The funeral service for Matt Campbell was in the old neighborhood’s church. Paul sat in the back. He’d been late, driving from the retirement community he now lived in, about an hour away. At his age, 75, he didn’t like to drive on the freeway but he felt he should go to Matt’s service. He and Matt, along with Bob Simmons and Charlie Foster and been neighbors and fellow tennis players at the old club for, how long was it, maybe 20 years. Bob had since dropped out of sight. Charlie had moved back East. He and Paul exchanged cards on Christmas. In a way it was funny that Matt, who was over six feet tall and the strongest of them was, if Bob was still around, the first to go. But he’d been battling lymphoma for years and it had finally gotten him.


The church was surprisingly full. Paul recognized a few people from the old days but most of them were strangers to him, and younger. He did recognize Matt’s son, sitting up front, with what Paul assumed was his family, a wife, a son and a daughter. When Paul had last seen him Steve had been a kid, now he was a middle-aged man. Steve spoke last, telling everyone what a great father Matt had been. Then it was over.


Paul stood up and waited for his chance and then said hello to Steve. Steve recognized him. “Thanks for coming,” he said. “You and my Dad and those two other guys played a lot of tennis at the old club.”


  “Yes, we did, twice a week for a lot of years, once on Saturday morning and once on Wednesday night.”


  “You were known as the Fearsome Foursome.”


  “I don’t know how fearsome we were, but we had a lot of fun.”

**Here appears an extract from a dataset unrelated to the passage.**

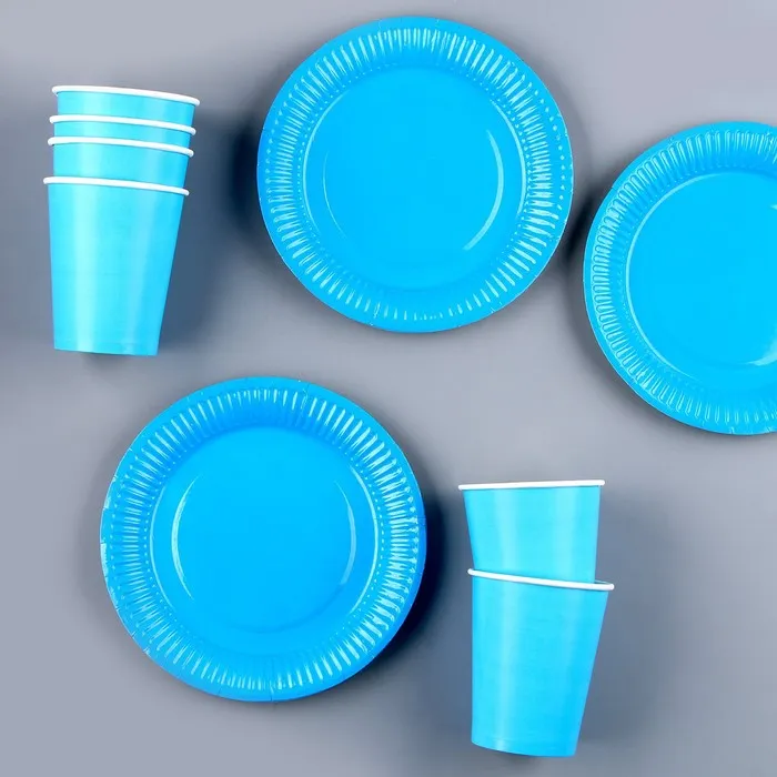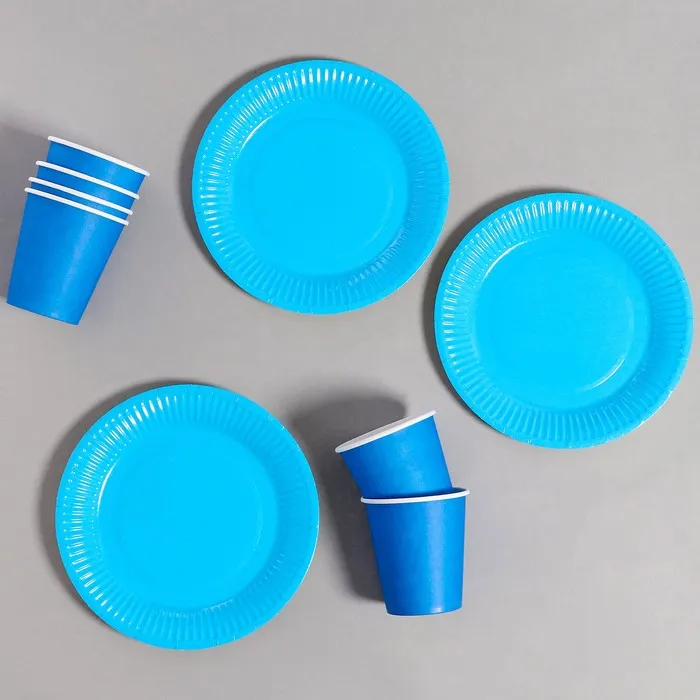 Одноразовая посуда, набор: 6 тарелок, 6 стаканов, цвет голубой — Характеристики

Steve asked where Paul was living now. Paul told him about the retirement community and that, no, he didn’t play tennis any more, he’d had a hip replacement a couple of years ago and that was the end for him and that yes, his wife Sally was doing fine. Some other people wanted to speak to Steve and Paul was moved aside. He wandered around for a while, found a couple he’d known and talked with them for a bit and found out that yes, the old club was still there but was getting a bit rundown. There’d be some kind of lunch later but Paul decided that he’d leave.


In the church parking lot Paul, on an impulse, decided he’d drive over to the club, which was only a short distance away. The gate was open and not many cars were in the parking lot. Paul parked and walked over to where the tennis courts were. The club was a small one, five courts. Paul remembered that when they played interclub the other swim and tennis clubs had nice clubhouses while when the other teams came over all they could offer them was a bench, a few plastic chairs and a Coke machine.


Only one court was occupied, a couple of teenagers playing. The others were empty and Paul could see some cracks in them.

Paul watched the teenagers play for a while. They were pretty good. He envied them their youth.   Then he looked at one of the empty courts but he wasn’t seeing an empty court. Paul crouched down at the net waiting for his partner Matt to serve. Matt always tried to serve hard and was as likely to hit the ball into the net as not. Paul hadn’t told this to Matt’s son Steve.


This serve went over, a hard one to the right corner.   Bob, who was short and fast as a rabbit scuttled over and returned it just out of Paul’s reach. They hit back and forth until Charlie, who was the best player, hit a good shot to win the point. They continued to play. Their practice was to play three sets, changing partners with each set. After, they’d sit out on the club’s plastic chairs and drink Cokes. They’d talk about their jobs, their families and the world’s problems. When they were older they’d talk about their aches and pains.


Paul watched the empty court for a long time and then what he was seeing became blurred. His wiped his eyes.. He turned and went back to his car. He drove back carefully, thinking that when he got back he’d try to find Charlie’s last card and get in touch with him.